- Occupation(s): professor, Author
- Known for: Subjective reader-response theory

Academic work
- Institutions: University of Rochester

= David Bleich (academic) =

American literary theorist and academic

David Bleich is an American literary theorist and academic. He is noted for developing the Bleich "heuristic", a reader-response approach to teaching literature. He is also a proponent of reader-response criticism to literature, advocating subjective interpretations of literary texts. He has published research on language and its use in social contexts as well as postsecondary pedagogy.

Bleich is an English professor at the University of Rochester.

== Reader response ==
The reader-response theory associated with Bleich emerged from hermeneutics or the study of how readers respond to literary and cultural texts. Bleich is one of the subjective reader-response critics who consider the reader responses as the text since there is no literary text beyond the readers' interpretations. This is in addition to the view that the text that the critic analyzes is constituted by the written responses of readers and not the literary work. According to Bleich, the meaning and objective of literature are created by the reader, whose judgments depend on the validation of the community. He believes that reading is an entirely subjective process but the differences in interpretations can be negotiated and reconciled. This theory of interpretation entails the progression from subjective response to resymbolization, then to negotiation, finally leading to validated knowledge.

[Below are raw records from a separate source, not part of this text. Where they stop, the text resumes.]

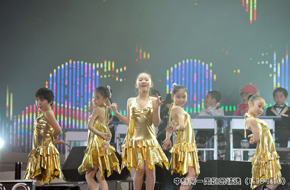 1月11日晚,第二屆音樂風云榜新人盛典在京舉行,盛典現(xiàn)場的音樂課上,兒童版的Wonder Girl、Super Junior、邁克爾·杰克遜、曾軼可、大張偉紛紛登臺獻藝,讓現(xiàn)場觀眾們笑聲不斷。圖片來源:中國新聞網>>點擊觀看詳細內容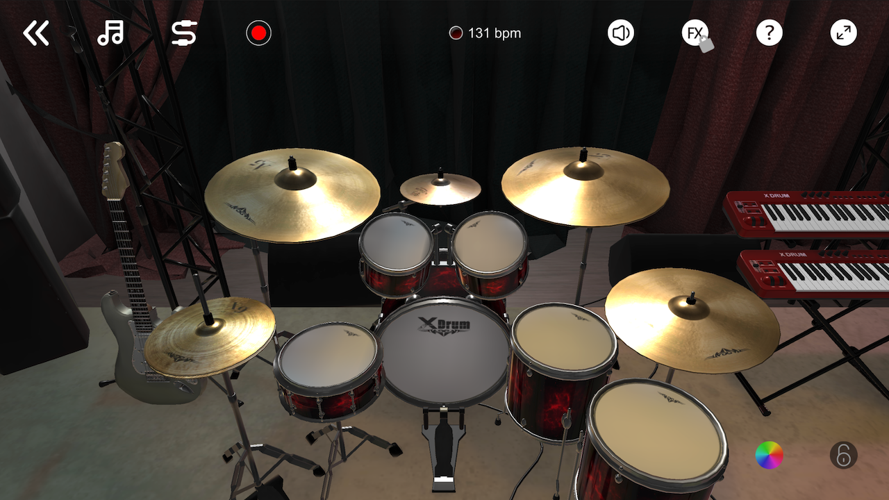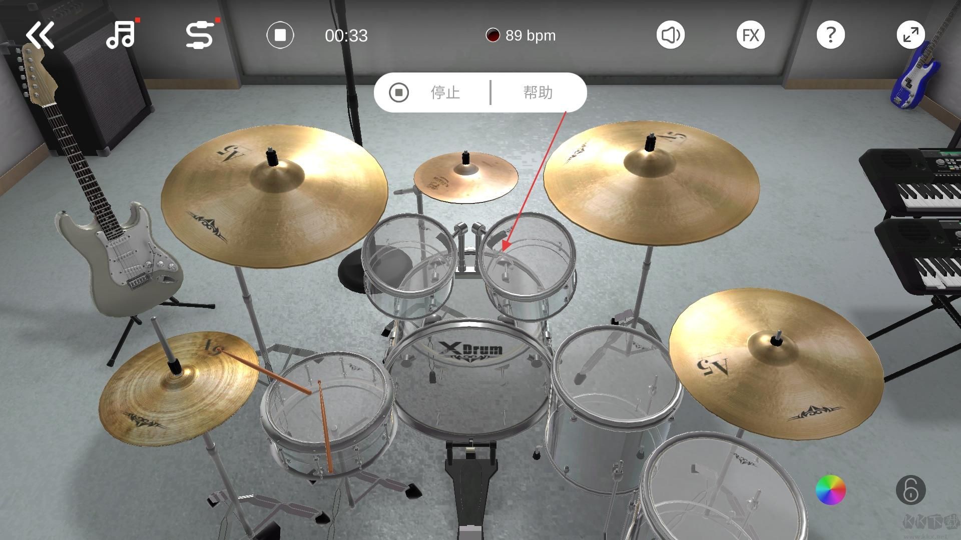2、选定模式后在演奏界面操作虚拟鼓组,可搭配吉他等乐器,调整节奏类型,沉浸享受表演;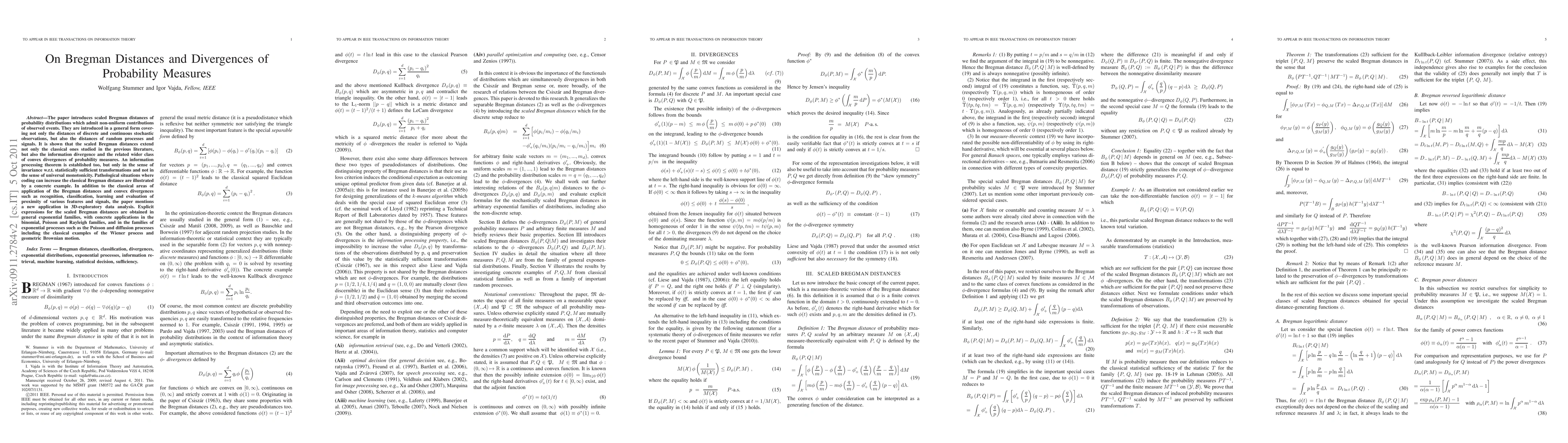 This paper introduces scaled Bregman distances for probability distributions, extending classical distances and information divergences, and applies them to various stochastic observations and processes. It also presents a new application in 3D-exploratory data analysis and provides explicit expressions for these distances in several exponential families.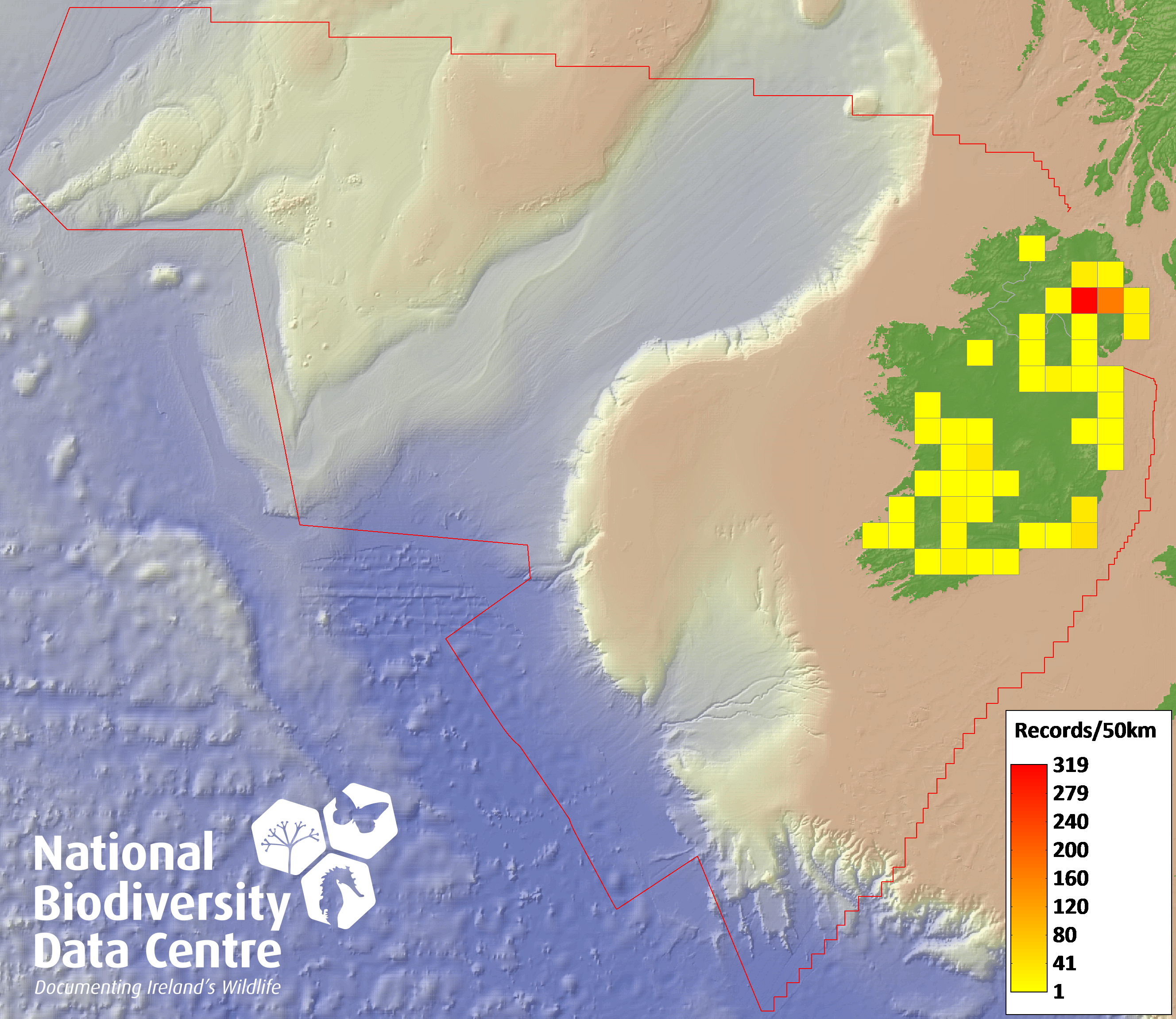 Distribution of the number of records recorded within each 10km grid square (ITM).Marine Map - 50km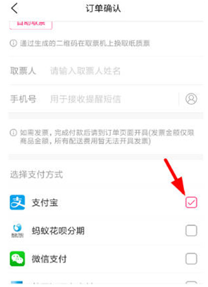 当我们绑定账号之后,然后我们在购买票下单的时候选择我们绑定的那个方式,点击提交订单。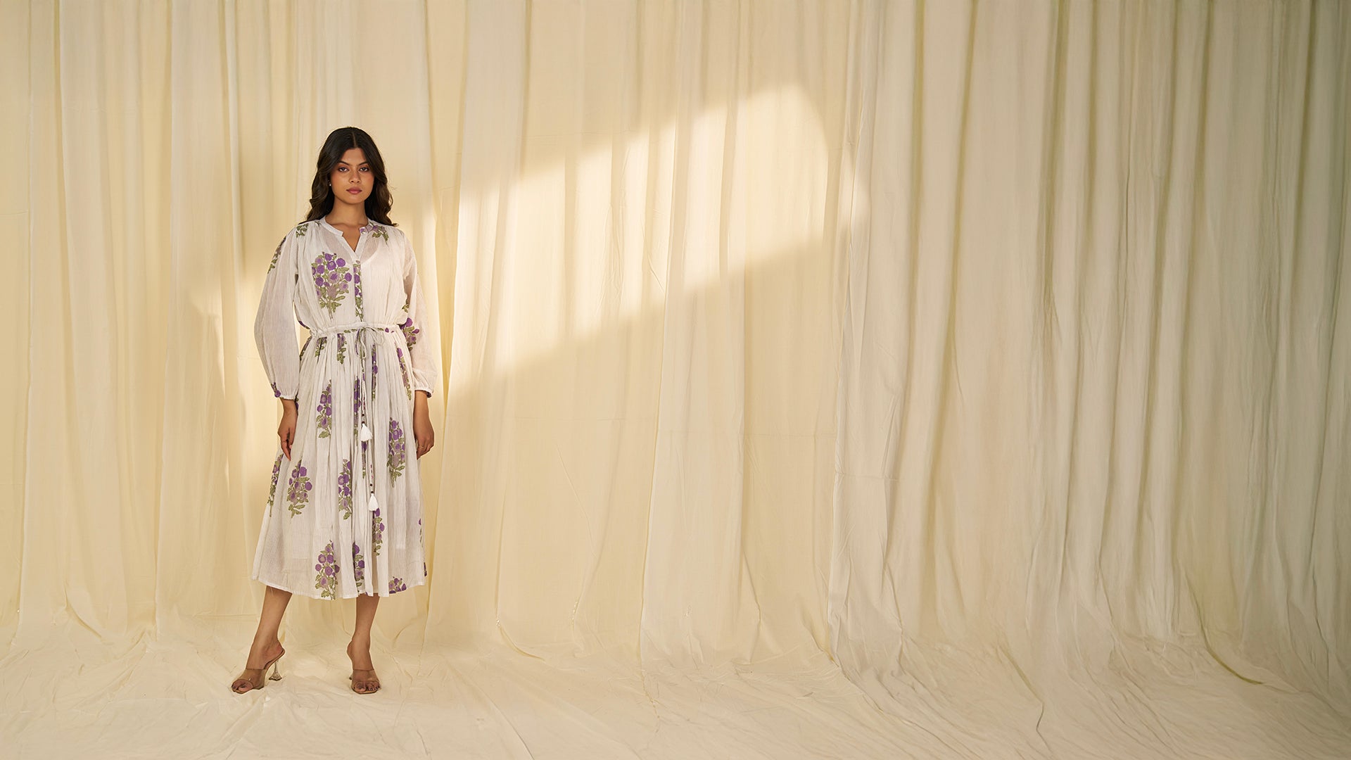 This relaxed-fit dress with a mandarin collar and peasant sleeves is hand block printed with large chrysanthemum motifs in shades of lavender and green on a fine grey striped base. The waist can be cinched with a drawstring to create soft gathers. It's sold as a two-piece set with a long cotton slip.

Bleich's reader-response view has been compared with those of the Geneva School critics' for their similarities as well as the complementing resolutions they proposed for the totalizing effects of current literary criticisms. Bleich is considered part of the Freudian branch along with Norman Holland. However, like the Geneva School, Bleich also subscribes to an understanding of meaning as a function of the reader's subjectivity and endorses Jonathan Culler's notion of reading competence.

=== Pedagogy ===
Drawing from the principle of reader-oriented criticism, Bleich maintained that the study of language and literature should be focused on creating knowledge instead of seeking knowledge. For this purpose, he advocated the antiformalist and non-objectivist approach to literary studies. His theories were first outlined in Readings and Feelings: An Introduction to Subjective Criticism. The instructional strategies include small classes and personal interactions between learners and teachers. He cited that large classes do not engender intimacy and trust, which are considered crucial in reader-response pedagogy.

The heuristic model that Bleich developed for teaching literature proposed that readers first offer their personal perceptions of a literary work – particularly what it means to them – because the insights lead to a more effective analysis of their reasons for associations and affective responses. The ensuing close analysis of the text is expected to avoid close psychological generalizations. Its application in the group setting may involve the formulation of a "response statement" then a discussion of character's point of view. Each stage of this process allows the participants to explore the link between textual management of subject matter and the affect released in either the author or the reader.

== Controversies ==
In September 2021, Bleich was suspended after students filed bias-related incident reports against his persistent use of the n-word in class. After the incident report, Bleich's classes were canceled and subsequent lectures were taken over by another instructor. The university also placed restrictive conditions that Bleich needed to satisfy in order to resume teaching. On 15 November 2021, the Academic Freedom Alliance (AFA) wrote to the University of Rochester's Dean of the School of Arts and Sciences, Gloria Culver, to defend Bleich and called the suspension a "breach of [the University's] own stated commitment to academic freedom.

The Office of the Dean has not yet publicly replied to the letter due to confidentiality and an ongoing investigation. However, Culver reaffirmed that the University is "firmly committed to the principle of academic freedom" as well as "principal pedagogic value... of respecting the opinions and contributions of others."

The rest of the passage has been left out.